L'avantage de la numérisation n'a de sens que si celle-ci est partagée entre les
différents acteurs et notamment les forces aériennes. Une des prémisses à cette numérisation a
eu pour domaine les opérations de fouille de localités ou d'objectifs en zone urbaine.
Le RETEX fait ressortir les avancées technologiques des autres armées et leur intérêt
pour le champ de bataille. Ces informations doivent déclencher une réflexion et une action
pour l'équipement des armées de demain.
Conclusion
Pour certains, l'esprit humain ne peut rien créer, s'il n'est fécondé par l'expérience et la
méditation, ses connaissances sont les germes de ses productions.
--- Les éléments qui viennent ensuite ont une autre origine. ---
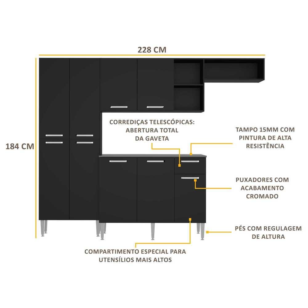 A Cozinha Completa Compacta com Armário e Balcão com Tampo Lisboa Multimóveis tem um excelente custo benefício e um amplo espaço interno. Os módulos são individuais e você pode montar da maneira que se adaptar melhor ao seu ambiente (exceto o nicho para fogão/geladeira que é anexo ao armário aéreo). O paneleiro pode ser montado de forma suspensa, o que permite você ajustar a altura para encaixar a geladeira. Produzida em MDP, que garante maior durabilidade e resistência, possui corrediças metálicas (mais leveza no manuseio), pés com regulagem de altura (permitem um perfeito nivelamento dos módulos), puxadores em ABS com acabamento cromado e tampos em MDP 15mm com pintura de alta resistência. Para deixar sua cozinha mais bonita e organizada, possui compartimento especial para utensílios mais altos e módulo aéreo com nichos. Conteúdo da Embalagem: 1 (um) armário aéreo com nicho lateral e horizontal de 166 cm 1 (um) paneleiro duplo de 62 cm 1 (um) balcão com tampo de 105 cm Dimensões do produto montado: Cozinha: Altura: 184 cm - Largura: 228 cm - Profundidade: 27 cm (aéreos e paneleiro) - 44,5 cm (balcão com tampo) Espaço do nicho para fogão/geladeira: Altura: 162 cm - Largura: 61 cm *Você pode consultar as medidas internas na imagem técnica do produto. Disponível em 3 opções de cores: Carvalho Avelã Acetinado Texturizado - Carvalho Avelã Acet. Text./Preto Acet. Text. - Preto Acetinado Texturizado *As cores do produto podem sofrer variações de tonalidade de acordo com as configurações do seu dispositivo. Imagem meramente ilustrativa. Decoração e eletros não acompanham o produto. O produto será entregue desmontado e não disponibilizamos o serviço de montagem..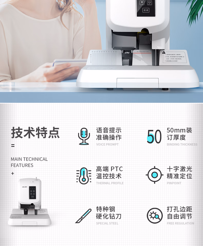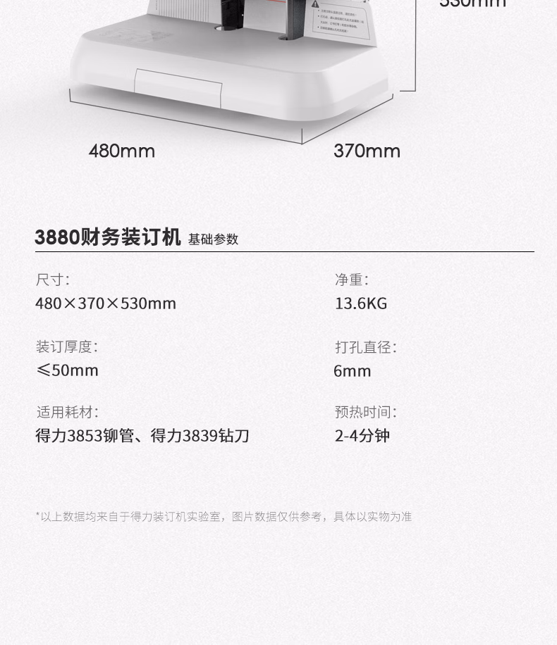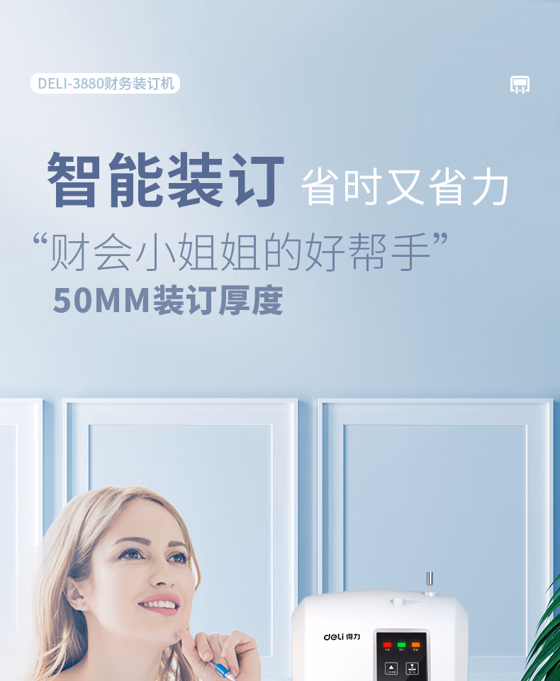 得力(deli) 3880 钻头尺寸φ6*50mm 激光 智能自动 财务凭证装订机 (计价单位:台) 灰白色

Si l'on retient cette proposition, il ressort que garantir un retour d'expérience efficace pour
optimiser la préparation des unités de l'Armée de l'Air au combat, nécessite notamment :
- la collecte d'informations dans différentes directions,
- leur classement et indexation,
- leur analyse et la prise en compte de celles-ci dans une doctrine d'emploi et dans la
planification des actions que cela soit d'un point de vue opérationnel ou d'un point de vue
16
prospectif pour aider nos unités à s'adapter en permanence aux défis auxquels nous devons
faire face.
La démarche est en cours, elle doit être poursuivie et amplifiée. Le général ABRIAL rappelait
dans l'une de ses interventions que si nous dormons sur nos lauriers et n'agissons pas pour
maintenir notre avantage, le prix à payer pourrait être très élevé pour redécouvrir ce vieux
principe*.
Alors, bien évidemment, le RETEX à lui seul, serait insuffisant à nous offrir l'avantage.
L'expérience est une lanterne qui éclaire le passé disait un auteur célèbre. La variété des
combats obligera parfois un chef à s'affranchir de toute procédure pour agir avec sa
conscience, sa propre expérience mais aussi son instinct face à une situation aux paramètres
inconnus.
André GIDE pensait que "Toute théorie n'est bonne qu'à condition de s'en servir pour passer
outre" et que "Le monde ne sera sauvé, s'il peut l'être, que par des insoumis **".
** André GIDE, son Journal publié de 1943 à 1953, maximes tirées des Feuilles de route.